:: Exercise instructions ::
For the records that follow, say how many lines have the word "punk" in them. Write the number and nothing more.

:: Excerpted data ::
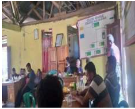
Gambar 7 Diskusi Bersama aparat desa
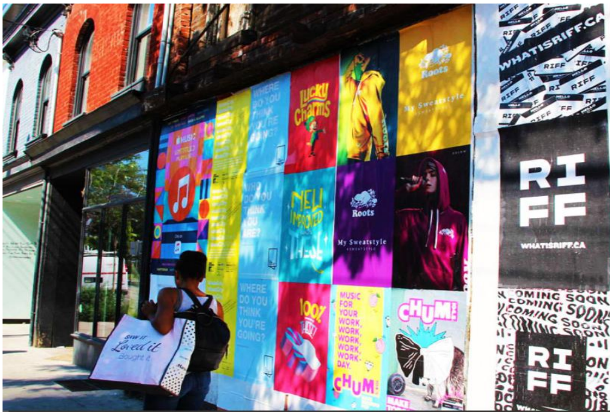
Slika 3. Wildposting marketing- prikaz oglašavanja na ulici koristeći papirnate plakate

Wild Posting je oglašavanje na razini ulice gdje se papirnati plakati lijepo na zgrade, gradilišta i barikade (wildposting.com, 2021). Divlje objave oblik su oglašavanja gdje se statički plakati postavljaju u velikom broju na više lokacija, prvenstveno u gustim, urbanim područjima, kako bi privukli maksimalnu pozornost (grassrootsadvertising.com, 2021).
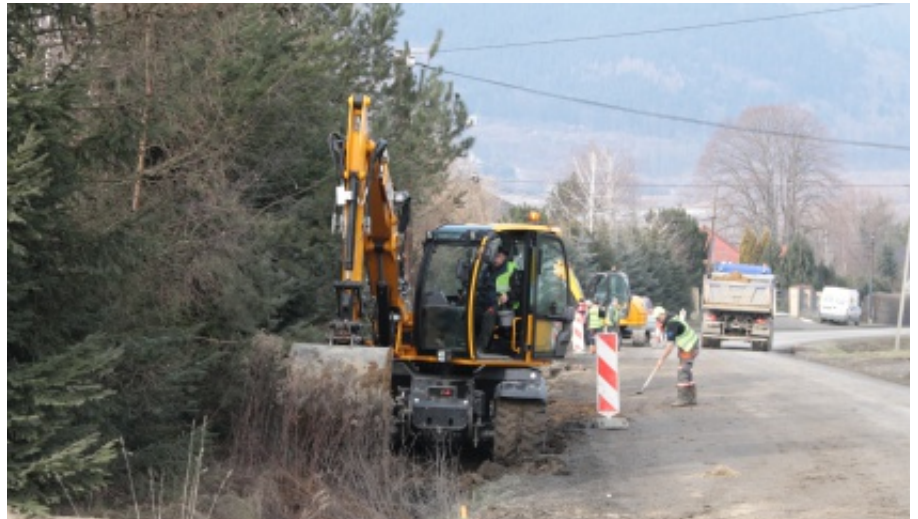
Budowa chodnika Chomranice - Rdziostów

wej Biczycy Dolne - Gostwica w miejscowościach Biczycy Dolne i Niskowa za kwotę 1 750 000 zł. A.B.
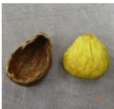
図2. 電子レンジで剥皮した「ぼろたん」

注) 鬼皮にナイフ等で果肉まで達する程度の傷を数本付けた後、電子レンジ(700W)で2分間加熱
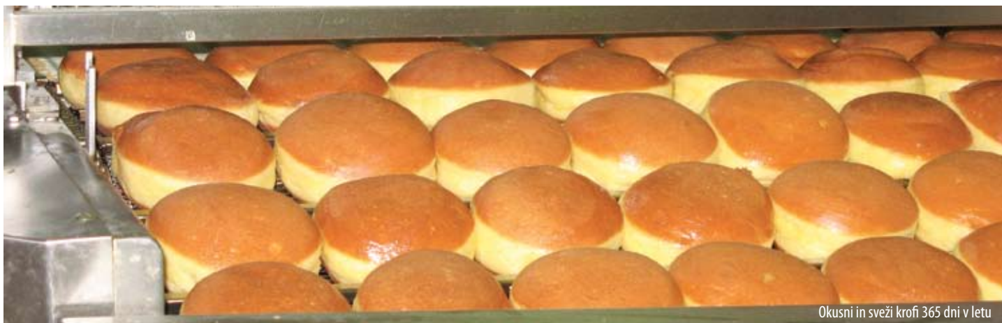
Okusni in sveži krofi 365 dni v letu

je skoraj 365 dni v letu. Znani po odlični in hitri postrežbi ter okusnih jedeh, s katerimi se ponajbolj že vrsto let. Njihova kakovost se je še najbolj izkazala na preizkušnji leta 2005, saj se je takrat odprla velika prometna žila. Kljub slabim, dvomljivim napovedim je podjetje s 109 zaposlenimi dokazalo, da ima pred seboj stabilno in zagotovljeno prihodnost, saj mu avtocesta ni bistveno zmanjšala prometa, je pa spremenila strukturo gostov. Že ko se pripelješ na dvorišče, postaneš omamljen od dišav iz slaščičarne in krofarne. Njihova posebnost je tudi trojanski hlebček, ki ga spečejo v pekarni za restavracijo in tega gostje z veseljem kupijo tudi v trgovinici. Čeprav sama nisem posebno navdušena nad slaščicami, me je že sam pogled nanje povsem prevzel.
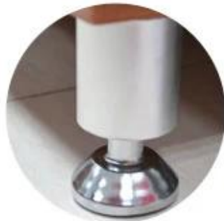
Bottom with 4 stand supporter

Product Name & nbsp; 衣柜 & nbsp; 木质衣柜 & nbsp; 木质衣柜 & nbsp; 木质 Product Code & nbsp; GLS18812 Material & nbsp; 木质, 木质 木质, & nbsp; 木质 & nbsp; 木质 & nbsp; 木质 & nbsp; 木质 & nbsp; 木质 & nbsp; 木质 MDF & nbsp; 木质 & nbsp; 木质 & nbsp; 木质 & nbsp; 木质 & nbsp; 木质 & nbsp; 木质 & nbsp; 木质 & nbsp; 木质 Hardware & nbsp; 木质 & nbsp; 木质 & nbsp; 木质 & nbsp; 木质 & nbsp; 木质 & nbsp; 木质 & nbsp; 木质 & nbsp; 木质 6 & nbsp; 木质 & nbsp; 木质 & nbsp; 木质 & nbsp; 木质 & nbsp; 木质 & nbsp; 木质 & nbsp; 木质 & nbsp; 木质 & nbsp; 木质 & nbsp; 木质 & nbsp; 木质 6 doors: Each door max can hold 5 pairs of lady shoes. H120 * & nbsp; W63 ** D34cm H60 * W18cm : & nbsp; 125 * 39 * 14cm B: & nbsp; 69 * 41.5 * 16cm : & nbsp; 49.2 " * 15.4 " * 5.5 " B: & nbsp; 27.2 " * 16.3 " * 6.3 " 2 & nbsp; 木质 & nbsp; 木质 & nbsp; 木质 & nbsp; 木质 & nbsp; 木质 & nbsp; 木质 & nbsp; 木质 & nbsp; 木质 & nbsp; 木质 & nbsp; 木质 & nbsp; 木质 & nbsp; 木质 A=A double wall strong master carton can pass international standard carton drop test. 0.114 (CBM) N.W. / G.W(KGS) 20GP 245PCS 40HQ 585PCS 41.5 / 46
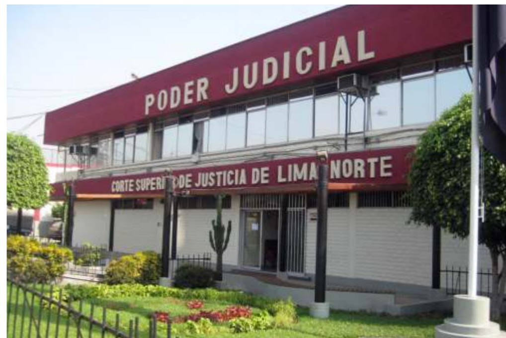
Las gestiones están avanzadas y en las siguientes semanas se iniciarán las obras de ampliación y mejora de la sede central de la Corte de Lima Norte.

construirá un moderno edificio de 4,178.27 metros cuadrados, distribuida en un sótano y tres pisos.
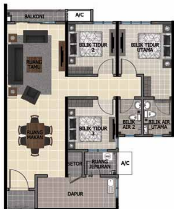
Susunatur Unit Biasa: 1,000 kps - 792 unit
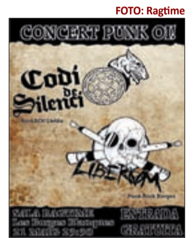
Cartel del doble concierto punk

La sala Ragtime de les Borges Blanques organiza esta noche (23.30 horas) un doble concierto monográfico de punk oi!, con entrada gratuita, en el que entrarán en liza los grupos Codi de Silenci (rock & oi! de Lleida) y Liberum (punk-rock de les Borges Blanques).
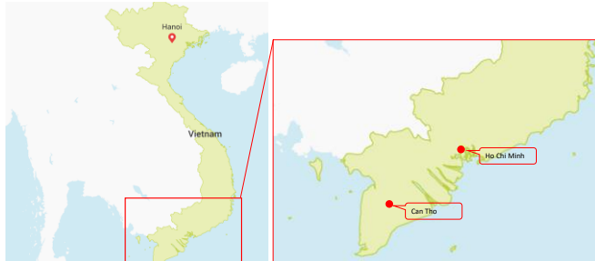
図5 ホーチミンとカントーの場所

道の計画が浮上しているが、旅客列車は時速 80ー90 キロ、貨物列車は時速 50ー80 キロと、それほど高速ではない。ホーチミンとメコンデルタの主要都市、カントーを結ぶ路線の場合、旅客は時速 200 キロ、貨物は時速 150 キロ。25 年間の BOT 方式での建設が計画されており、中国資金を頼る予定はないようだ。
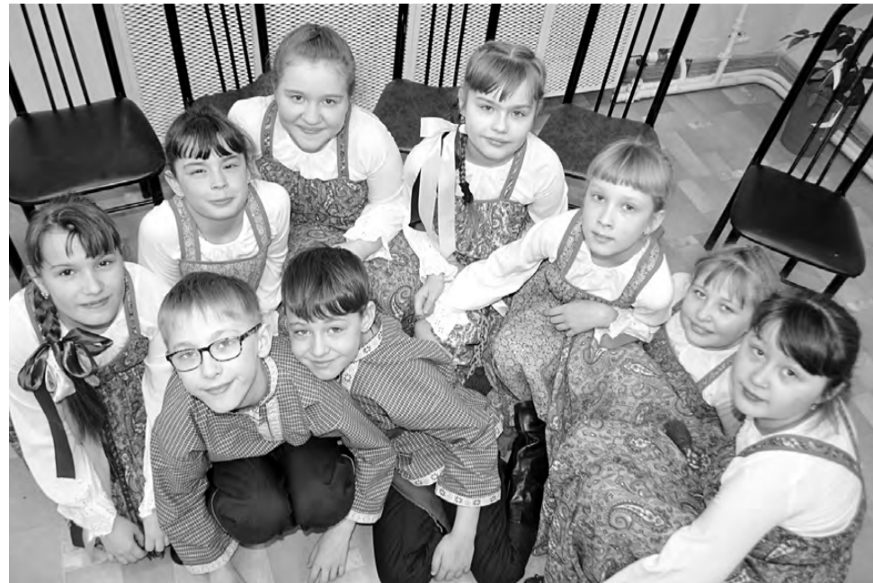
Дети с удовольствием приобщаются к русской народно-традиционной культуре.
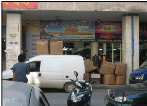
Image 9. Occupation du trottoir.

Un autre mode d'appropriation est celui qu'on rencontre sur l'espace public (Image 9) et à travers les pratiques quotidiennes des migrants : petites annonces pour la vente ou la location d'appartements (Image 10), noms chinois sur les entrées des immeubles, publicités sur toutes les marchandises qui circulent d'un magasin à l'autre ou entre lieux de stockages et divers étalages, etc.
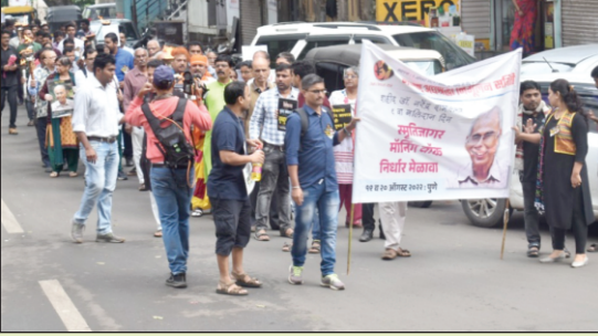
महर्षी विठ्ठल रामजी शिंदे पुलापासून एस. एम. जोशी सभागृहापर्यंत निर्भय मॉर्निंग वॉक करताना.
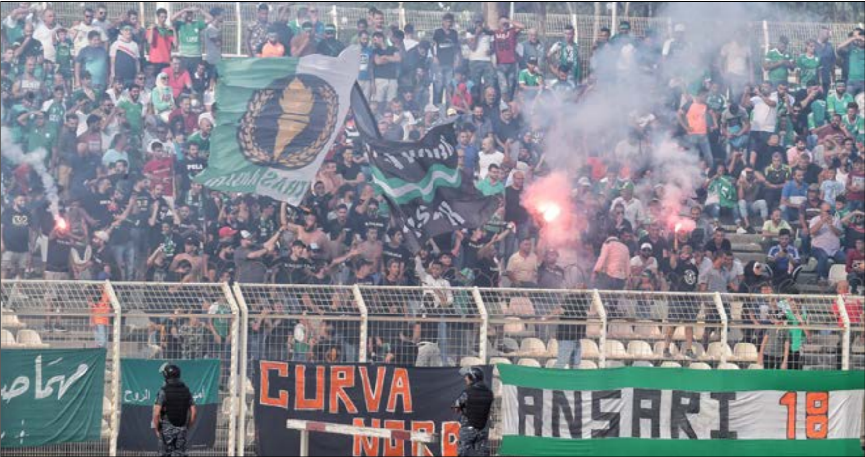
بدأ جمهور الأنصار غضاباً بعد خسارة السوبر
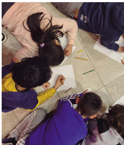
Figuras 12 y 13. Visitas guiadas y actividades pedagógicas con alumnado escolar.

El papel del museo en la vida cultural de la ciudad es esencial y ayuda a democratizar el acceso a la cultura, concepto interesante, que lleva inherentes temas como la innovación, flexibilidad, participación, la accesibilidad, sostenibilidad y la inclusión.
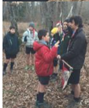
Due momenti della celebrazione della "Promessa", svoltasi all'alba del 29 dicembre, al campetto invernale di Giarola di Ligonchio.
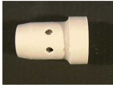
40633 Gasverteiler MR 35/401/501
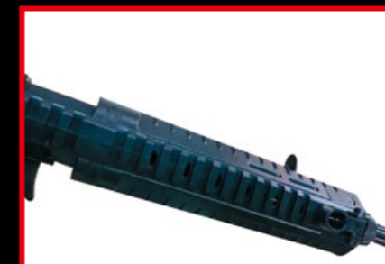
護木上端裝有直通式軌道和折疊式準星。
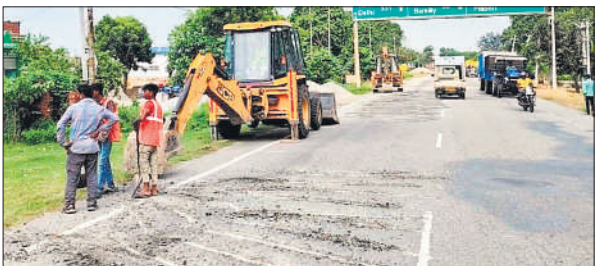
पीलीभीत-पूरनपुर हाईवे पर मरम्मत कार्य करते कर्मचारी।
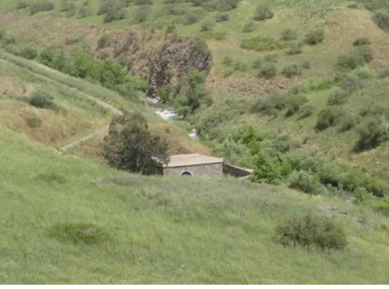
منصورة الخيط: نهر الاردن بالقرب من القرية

:: Task answer ::
2